Ocean Acidification Threatens Coral Reefs
Falling pH levels are particularly harmful for calcifying organisms such as coral and shellfish, which have a harder time building and maintaining their calcium-based exteriors as the ocean grows more acidic.
A recent study of the changes in shellfish at different levels of ocean acidity found that the concentrations of CO2 likely to be found in oceans later this century decreased the chances of survival for young clams and scallops by more than 50%. The survivors also developed more slowly, suggesting their populations would be even more vulnerable to prey.
Since acidification happens at a rate parallel to the increase of atmospheric carbon dioxide — oceans absorb about one-third of CO2 — it’s picking up pace. According to CBD oceans director Miyoko Sakashita, coral reefs are likely to be the first major ecosystems widely damaged by the effects of more acidic oceans.
“Within a few decades, global warming and ocean acidification threaten to completely unravel magnificent coral reefs that took millions of years to build,” Sakashita said.
In fact, some ocean researchers fear that acidification will obliterate Earth’s coral reefs in as few as 50 years. That’s why they have begun to design cryogenically cooled coral preservation “arks” where polyps can be stored to stave off total extinction.
London Institute of Zoology researcher Alex Rogers explained:
“At the moment the concept we are actually looking at is to literally have a frozen ark for reef-building corals. So that essentially is a lab-based project to freeze the diversity of corals that can build coral reefs.”
Rogers and his team hope to have coral arks operating within two years at the UK’s Whipsnade Zoo and, eventually, at other locations worldwide. After collecting and freezing small samples of diverse coral species from the ocean, the scientists plan to construct propagation centers where new colonies and entire reefs can be re-built using the preserved coral tissue.

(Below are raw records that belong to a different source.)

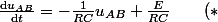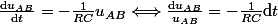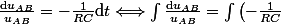 {\rm d}t \Longleftrightarrow \ln(|u_{AB}|) = - \frac{1}{RC} \int {\rm d}t = - \frac{1}{RC} t + k')
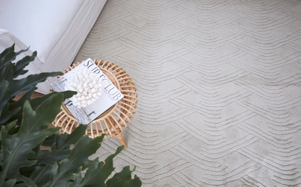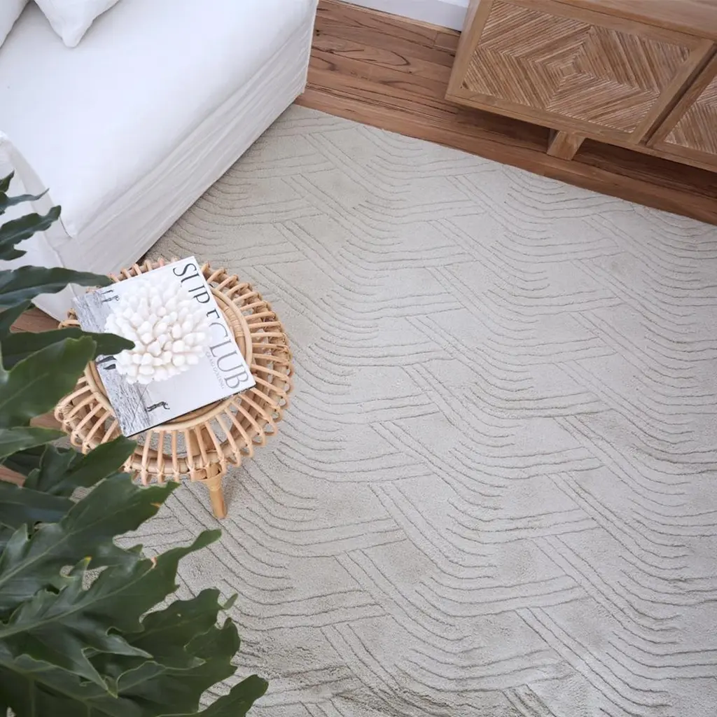 The voyage weave features a curved undulating line pattern, reminiscent of dunes and sand formations. This subtle etched-style is expertly hand-loomed in a deep pile of pure wool, with a Classic tonal palette of fresh cream and dusty dove grey.All ground control rugs are hand-loomed to order. Please allow 6 weeks for delivery. Composition : Wool 75%, cotton 25%.
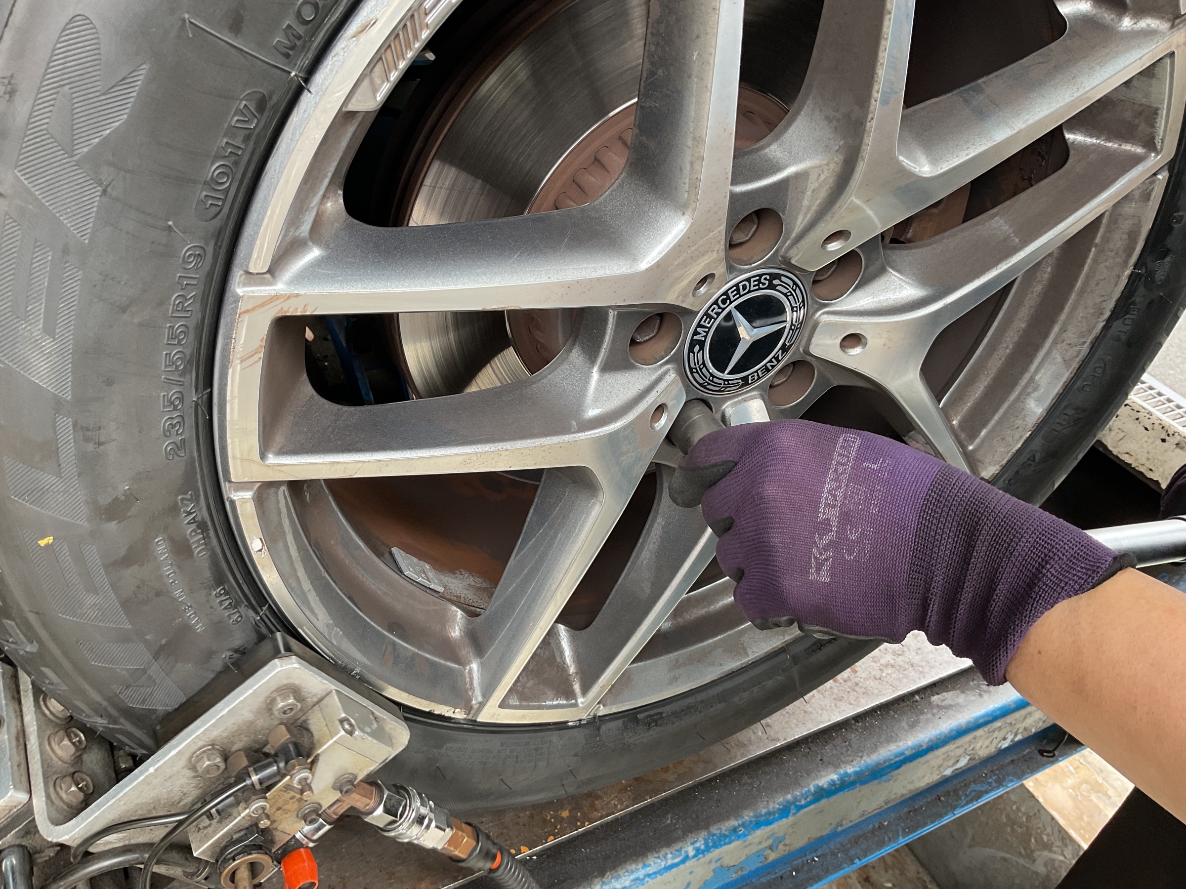 ベンツGLCタイヤ交換 ポスト 2025年11月22日 メルセデス・ベンツGLCのタイヤ交換をしました! まずタイヤを外していきます! 次にタイヤとホイールをバラしていきます! タイヤとホイールがバラせたら新品タイヤを組み付けていきます! 後は車に取り付けして完了です! 今回取り付けしたタイヤは‥‥ ブリヂストン デューラーH/PスポーツMOEです! サイズ:235/55R19 GLC用OEタイヤになります! 次回はGLCのアライメント調整を掲載します! タイヤ館目白

Other Potential Consequences
Corals aren’t the only species likely to be affected by the ongoing acidification of the world’s oceans. According to marine ecologist Joanie Kleypas, ocean acidification could affect ocean life forms ranging from tiny algae to giant whales in unpredictable ways.
For one thing, the ocean’s falling pH will mean that sound travels faster underwater — a change that could either help or hinder the sound-based communication of marine mammals like dolphins and whales.
“It could be confusing to these mammals, making them think things are closer than they are,” Kleypas said. “Or it could be good for them, helping them to communicate over longer distances.”
And though a rising level of dissolved CO2 weakens the skeletons of calcifying creatures like coral, it may be a boon for other organisms that use the gas for photosynthesis. Certain species of sea grass, for instance, may use the extra CO2 to grow faster and stronger, eventually competing with retreating reefs for space.
It’s too soon to tell exactly what the impacts will be for some forms of marine life, scientists say. Damage to populations of the tiniest plants and creatures, whether through rising water temperature, greater acidity or loss of habitat, can spread through an entire food chain, throwing it out of balance.
Consider, for example, the tiny pterapod, a marine snail whose shell is affected by changing pH. The pterapod is an important food source for young salmon, mackerel, herring and cod, which are important food sources for larger animals and economic sources for humans.
“You’re shifting the whole balance of elements,” Kleypas said. “We can’t yet predict how marine communities are going to respond to that.”